» Exercise details
Below are records with pictures in them. Output exactly the lines from the one with "商品名称:兄弟坊 2026春夏新款全棉纯棉印花双层皱皱纱(滚边款)夏被纱布夏凉被午睡被盖毯夏凉被 云绮" through the one with "我们将阳台与室内进行连通,公", both included, and leave every picture out; give only those lines.

» Data section
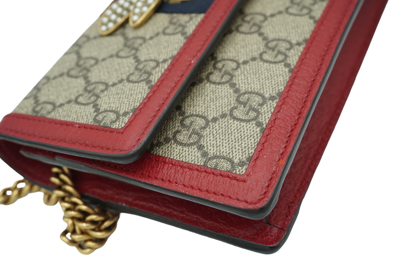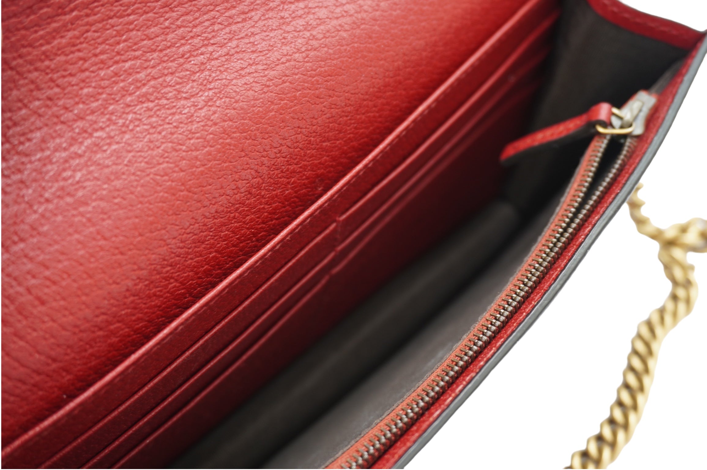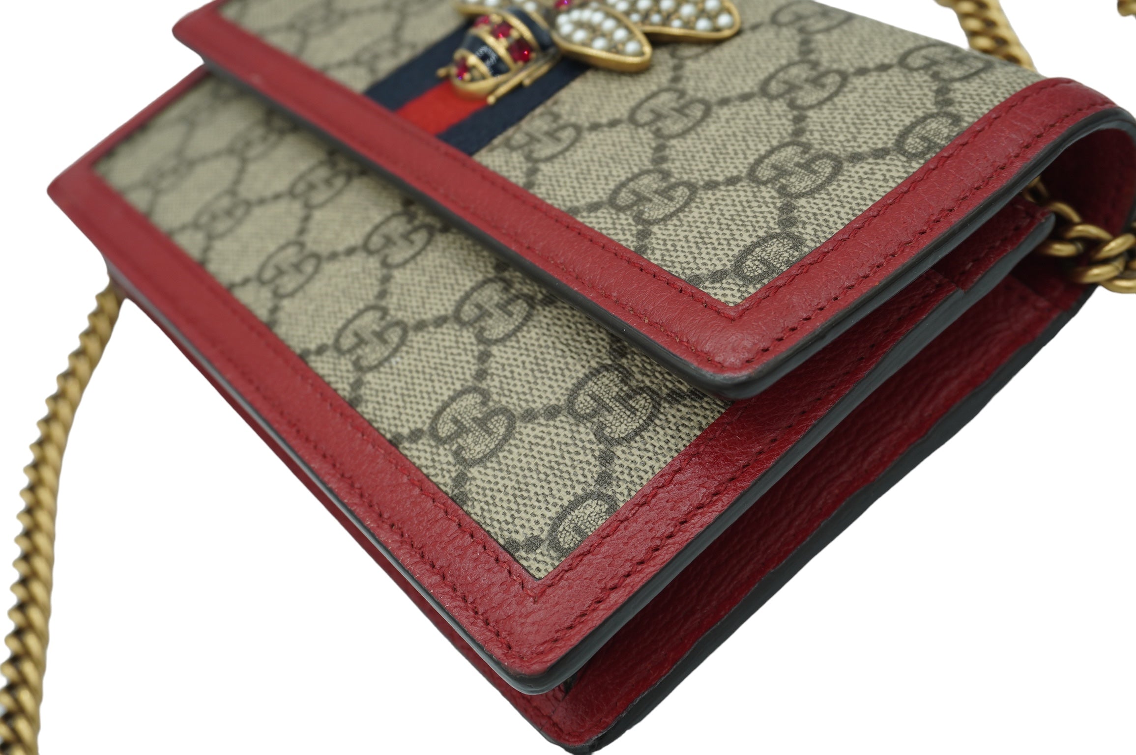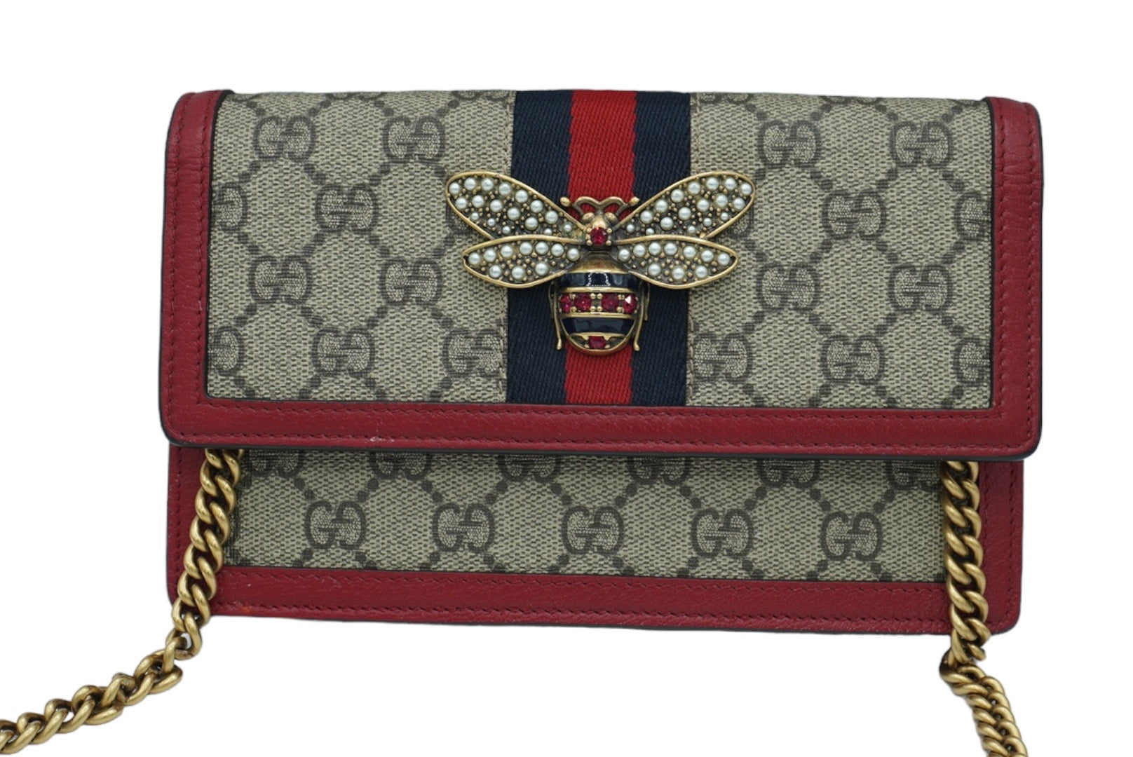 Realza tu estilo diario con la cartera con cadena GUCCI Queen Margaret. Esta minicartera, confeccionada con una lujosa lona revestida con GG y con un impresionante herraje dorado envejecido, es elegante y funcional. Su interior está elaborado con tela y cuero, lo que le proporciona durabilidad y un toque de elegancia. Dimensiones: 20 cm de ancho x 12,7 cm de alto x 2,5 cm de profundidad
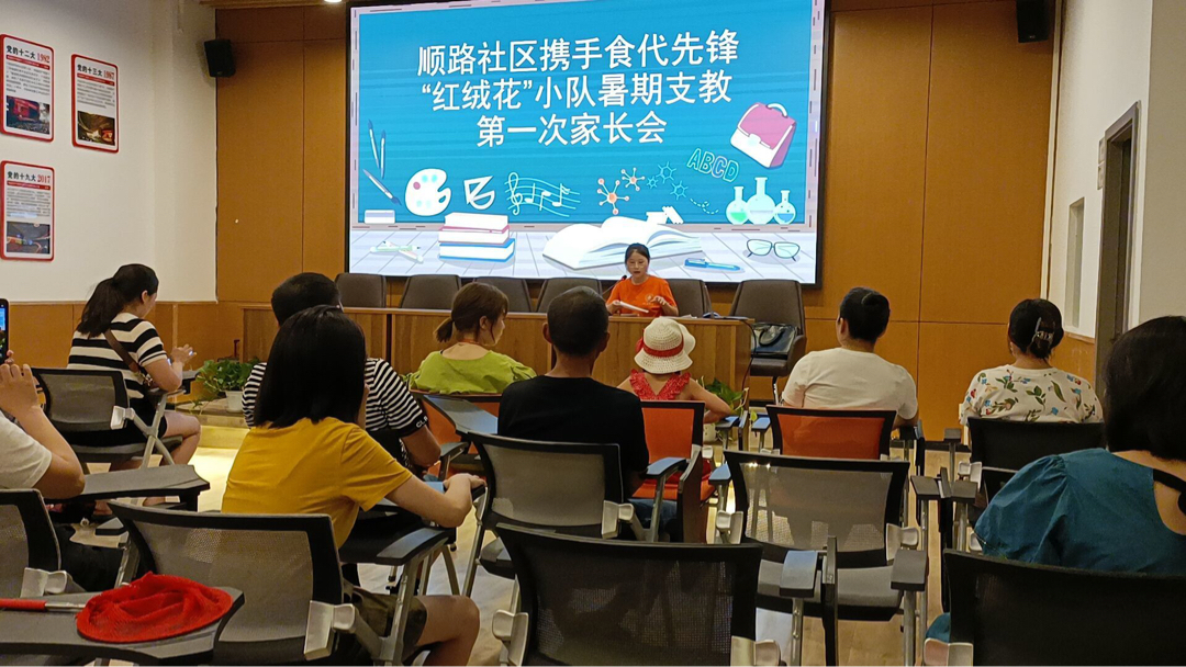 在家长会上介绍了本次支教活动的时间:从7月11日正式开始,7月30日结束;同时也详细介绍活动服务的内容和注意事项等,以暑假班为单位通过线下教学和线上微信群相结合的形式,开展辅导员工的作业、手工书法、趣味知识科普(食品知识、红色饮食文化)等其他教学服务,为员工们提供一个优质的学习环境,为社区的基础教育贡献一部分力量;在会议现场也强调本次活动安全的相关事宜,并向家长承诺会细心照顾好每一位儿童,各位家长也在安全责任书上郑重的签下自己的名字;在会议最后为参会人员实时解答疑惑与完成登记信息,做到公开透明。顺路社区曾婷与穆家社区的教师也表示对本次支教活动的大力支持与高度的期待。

---

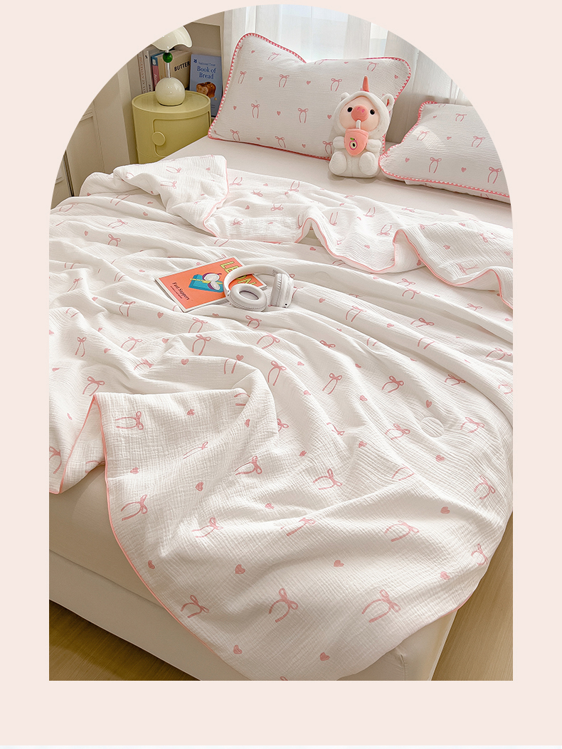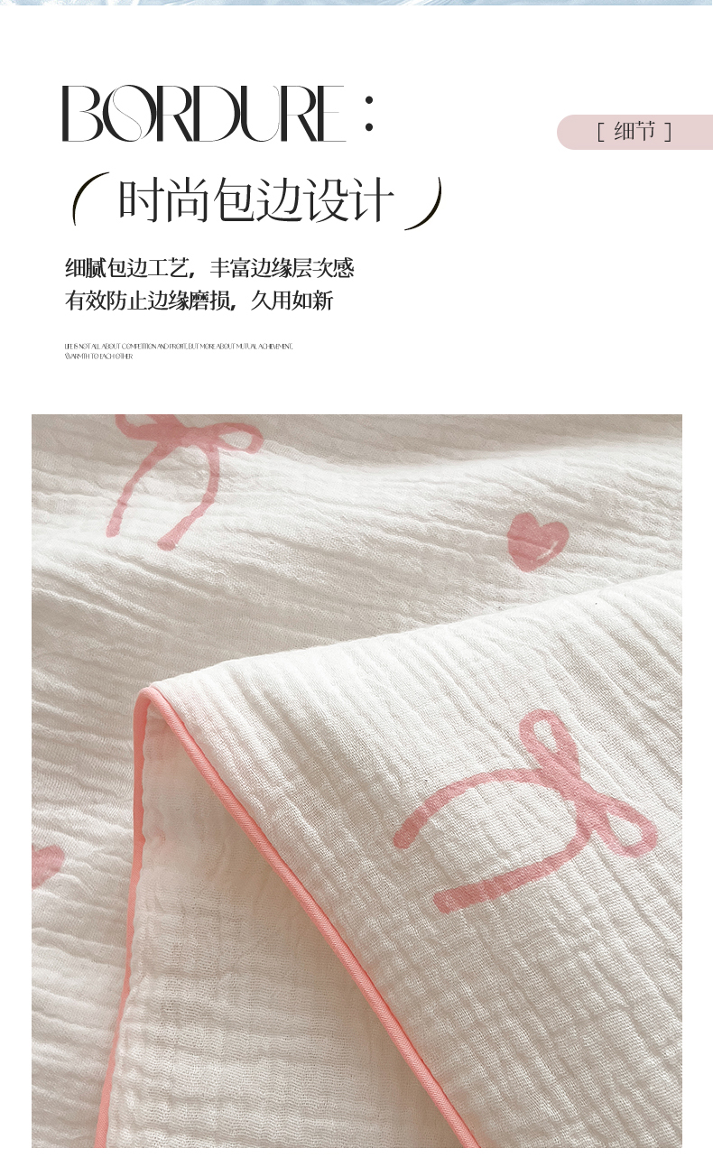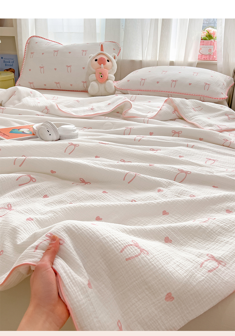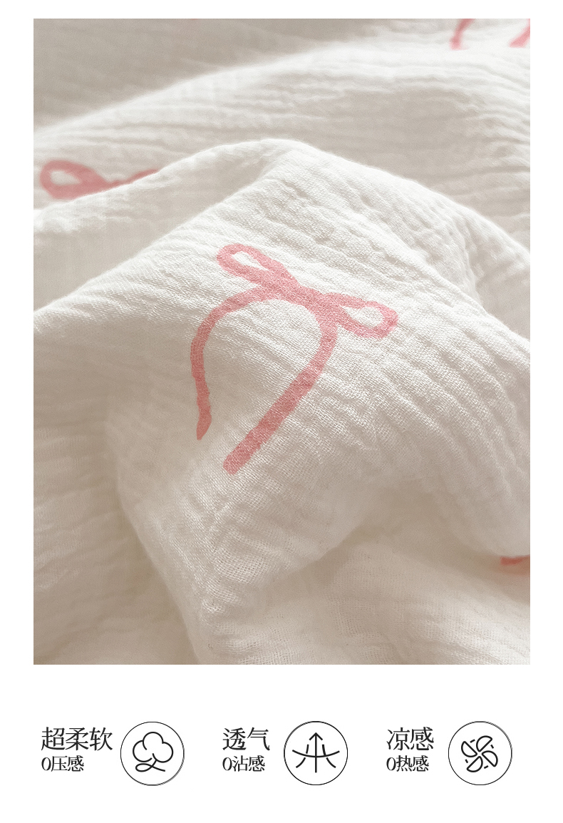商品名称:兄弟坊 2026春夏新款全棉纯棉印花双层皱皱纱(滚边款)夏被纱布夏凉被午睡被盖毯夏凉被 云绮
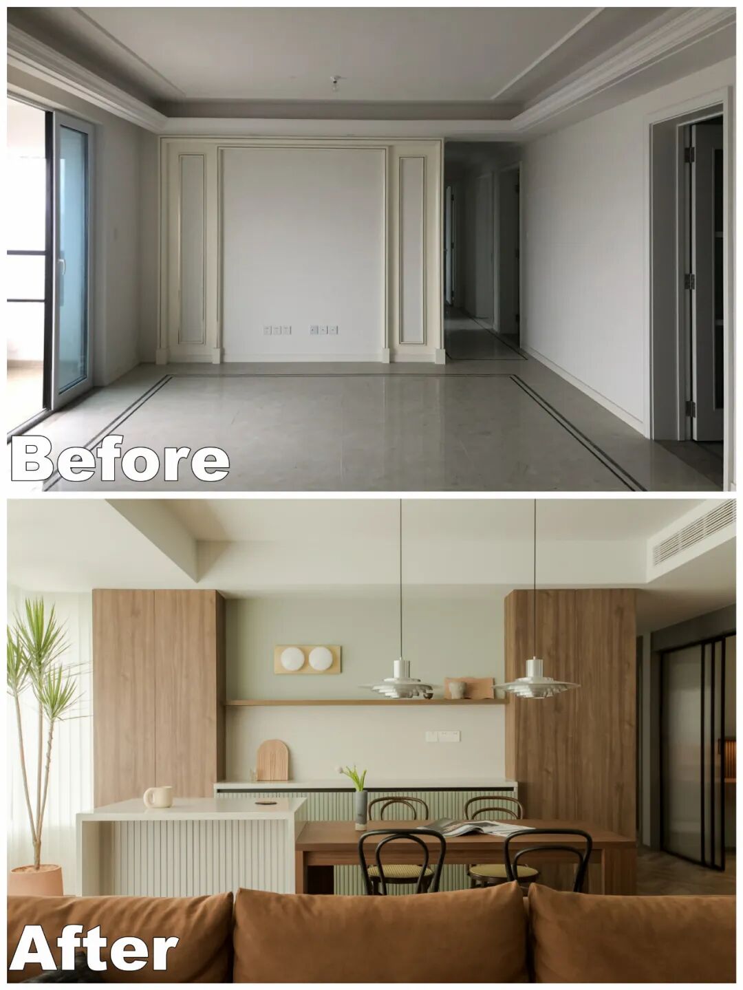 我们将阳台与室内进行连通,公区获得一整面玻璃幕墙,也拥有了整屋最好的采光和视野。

--

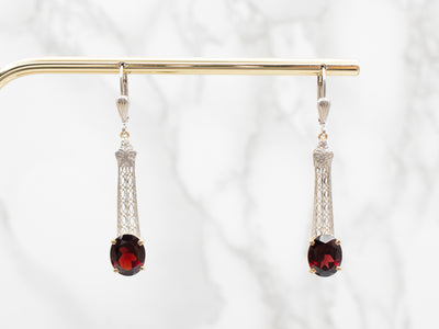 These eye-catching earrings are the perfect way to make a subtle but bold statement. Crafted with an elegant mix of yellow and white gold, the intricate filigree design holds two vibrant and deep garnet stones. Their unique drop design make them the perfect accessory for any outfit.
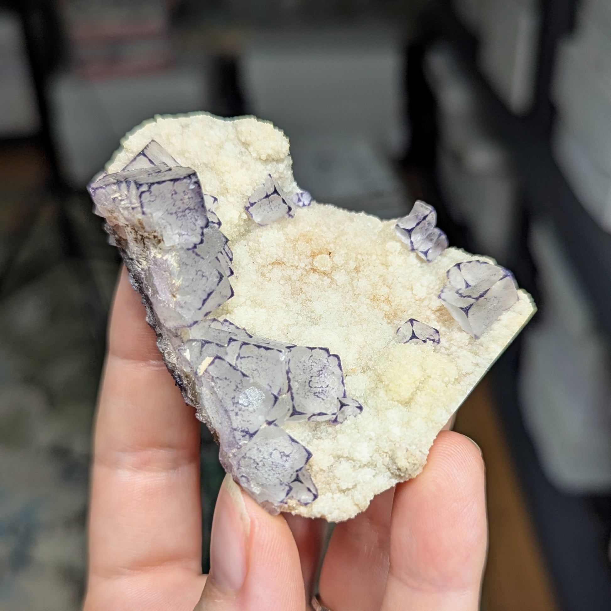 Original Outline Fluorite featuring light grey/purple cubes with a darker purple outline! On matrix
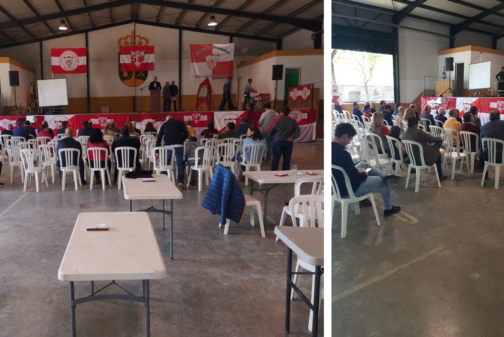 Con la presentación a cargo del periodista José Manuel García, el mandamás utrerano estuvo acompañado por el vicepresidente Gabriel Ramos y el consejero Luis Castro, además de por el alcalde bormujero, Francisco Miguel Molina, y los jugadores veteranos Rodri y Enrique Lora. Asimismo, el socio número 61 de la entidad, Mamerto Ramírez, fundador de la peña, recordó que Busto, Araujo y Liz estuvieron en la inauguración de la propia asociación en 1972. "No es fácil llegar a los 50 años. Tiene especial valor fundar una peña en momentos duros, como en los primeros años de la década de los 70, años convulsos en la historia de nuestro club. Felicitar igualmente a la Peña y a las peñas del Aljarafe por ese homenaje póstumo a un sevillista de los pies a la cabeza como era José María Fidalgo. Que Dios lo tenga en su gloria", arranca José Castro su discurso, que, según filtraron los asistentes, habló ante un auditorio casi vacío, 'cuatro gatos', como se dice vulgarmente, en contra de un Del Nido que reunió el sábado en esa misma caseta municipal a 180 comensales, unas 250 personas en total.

» Answer to this problem
商品名称:兄弟坊 2026春夏新款全棉纯棉印花双层皱皱纱(滚边款)夏被纱布夏凉被午睡被盖毯夏凉被 云绮
 我们将阳台与室内进行连通,公区获得一整面玻璃幕墙,也拥有了整屋最好的采光和视野。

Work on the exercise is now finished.